O estabelecimento do Estado gerencial visava uma elevação da performance estatal, via redução da ação do Estado, em que a existência de uma burocracia separada de pressões de grupos de interesses criaria as condições para um work better da ação estatal.

Para alguns autores o modelo gerencial para o Estado brasileiro já fora testado e reprovado quando da reforma administrativa promovida pelo Decreto 200 de 1967. Schwartzman afirma, referindo-se ao Decreto 200:

Segundo este modelo, os órgãos administrativos deveriam se limitar a funções quase que exclusivamente normativas e de supervisão, enquanto que o setor privado passaria a ter um papel cada vez maior em todas as ações realmente executivas do governo.
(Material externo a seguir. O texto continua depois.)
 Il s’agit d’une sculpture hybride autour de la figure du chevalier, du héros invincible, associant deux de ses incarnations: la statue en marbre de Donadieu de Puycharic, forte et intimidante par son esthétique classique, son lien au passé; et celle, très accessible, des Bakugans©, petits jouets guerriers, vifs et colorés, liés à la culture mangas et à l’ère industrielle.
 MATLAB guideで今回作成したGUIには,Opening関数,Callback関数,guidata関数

As duas premissas implícitas no projeto são, primeiro, a de que o Estado é sempre um executor incompetente, e que o setor privado pode fazer o mesmo que ele de forma mais eficaz e barata; e segundo, que é impossível legislar em detalhe a atuação dos órgãos de linha da administração direta (1984, p.50).

Não apenas o desenho institucional do Estado gerencial já havia sido tentado no Brasil, como fracassara. A própria reforma pretendida pelo governo FHC não chegou sequer a ser integralmente implantada.
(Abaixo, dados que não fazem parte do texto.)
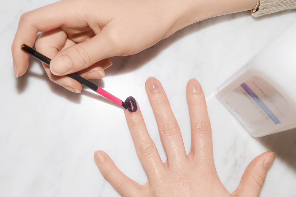 Cleaning up the nail afterward is just as important as the painting before. Alicia uses an angled eyebrow brush dipped in acetone for precision cleanup. It’s helpful to have micro Q-tips nearby too. If you’re not good with that kind of precision, Deborah Lippmann’s got an easy fix: “If you find polish has wandered off your nail plate upon application and [you] don’t feel confident using cotton and acetone to fix these flaws—often the case with shaky hands!—simply wrap cotton around a stick, dip it in hot water, lightly press it onto the area, and let it soak in. It should magically come off.” But if by this time you are well into the Netflixing-and-drying stage of the manicure and only realize there’s polish everywhere later, it’s still OK. She assures: “If you notice that you or your manicurist went outside the lines with lacquer, don’t worry about it! Wait until you take your first shower and it should easily peel off this area. Nail polish is not meant to adhere to the skin so it should lift right off.” Gotta love the easy ones.
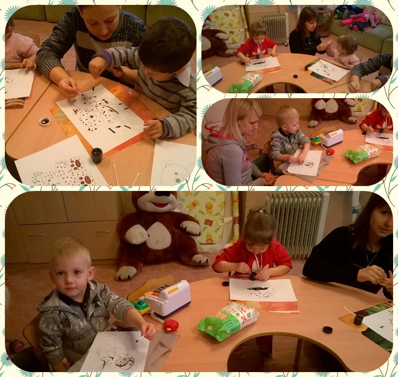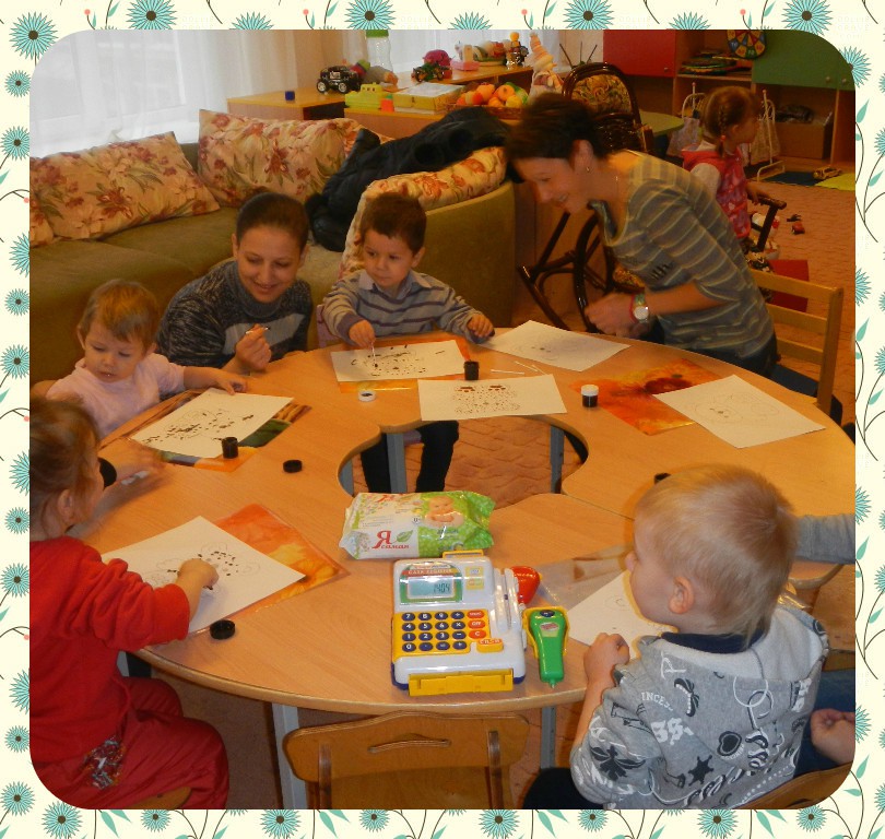 Уже без напоминания молодые мамы с детьми приходят на развивающие занятия в Центр. На этот раз дети вместе с мамами старались нарисовать весёлого медвежонка. Сначала детишки рассмотрели игрушку медведя, обратили внимание, какого цвета у него глаза, уши. И сразу захотели нарисовать друга Мишке. Придумали ему имя, а рисовали мишку методом «тычка».

Assim, a reforma do Estado – baseada no binômio ajuste fiscal/mudança institucional – que objetivara a dotação do aparelho estatal de uma melhor capacidade de governança (aumento da performance) foi realizada apenas em sua fase de ajuste financeiro do setor público, ficando sem efetivação o outro elemento do binômio: a reforma institucional.
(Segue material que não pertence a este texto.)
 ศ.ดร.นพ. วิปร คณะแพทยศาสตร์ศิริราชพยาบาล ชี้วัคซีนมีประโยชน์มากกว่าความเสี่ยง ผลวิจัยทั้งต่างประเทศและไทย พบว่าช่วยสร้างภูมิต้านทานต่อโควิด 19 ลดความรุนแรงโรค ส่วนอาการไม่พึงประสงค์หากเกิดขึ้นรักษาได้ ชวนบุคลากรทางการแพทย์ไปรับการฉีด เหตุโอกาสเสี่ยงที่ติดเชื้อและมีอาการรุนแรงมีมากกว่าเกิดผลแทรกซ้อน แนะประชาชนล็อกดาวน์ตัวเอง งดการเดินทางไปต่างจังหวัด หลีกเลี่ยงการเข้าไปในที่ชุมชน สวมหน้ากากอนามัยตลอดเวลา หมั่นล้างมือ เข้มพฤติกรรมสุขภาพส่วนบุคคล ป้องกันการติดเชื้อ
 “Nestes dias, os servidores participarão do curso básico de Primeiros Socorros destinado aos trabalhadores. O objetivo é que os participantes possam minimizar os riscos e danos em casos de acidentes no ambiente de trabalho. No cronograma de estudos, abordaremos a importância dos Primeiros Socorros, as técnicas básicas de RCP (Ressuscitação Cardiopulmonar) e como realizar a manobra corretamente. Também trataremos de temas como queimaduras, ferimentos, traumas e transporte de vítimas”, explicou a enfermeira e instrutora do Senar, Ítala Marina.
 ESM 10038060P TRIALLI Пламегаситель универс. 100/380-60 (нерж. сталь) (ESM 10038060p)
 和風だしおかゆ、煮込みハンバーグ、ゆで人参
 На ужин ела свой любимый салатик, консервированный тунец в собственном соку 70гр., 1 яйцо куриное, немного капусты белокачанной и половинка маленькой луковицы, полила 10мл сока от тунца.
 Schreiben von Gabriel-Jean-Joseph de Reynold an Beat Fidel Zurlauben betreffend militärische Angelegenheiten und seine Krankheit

Verifica-se que, mesmo com a falha da reforma, o conceito de Estado gerencial ainda ecoa entre os membros da Federação. E boa parte dos Estados federativos passaram a implementar algum tipo de reforma administrativa, com orientação para o mercado. Para enquadrar-se no modelo cost less/work better, de funcionamento do aparelho governamental, essas reformas estadualizadas também são incentivadas pelas agências multilaterais – o Banco Mundial advoga algumas delas - tanto quanto às destinadas aos governos federais, mesmo depois do sucesso apenas parcial de várias reformas administrativas.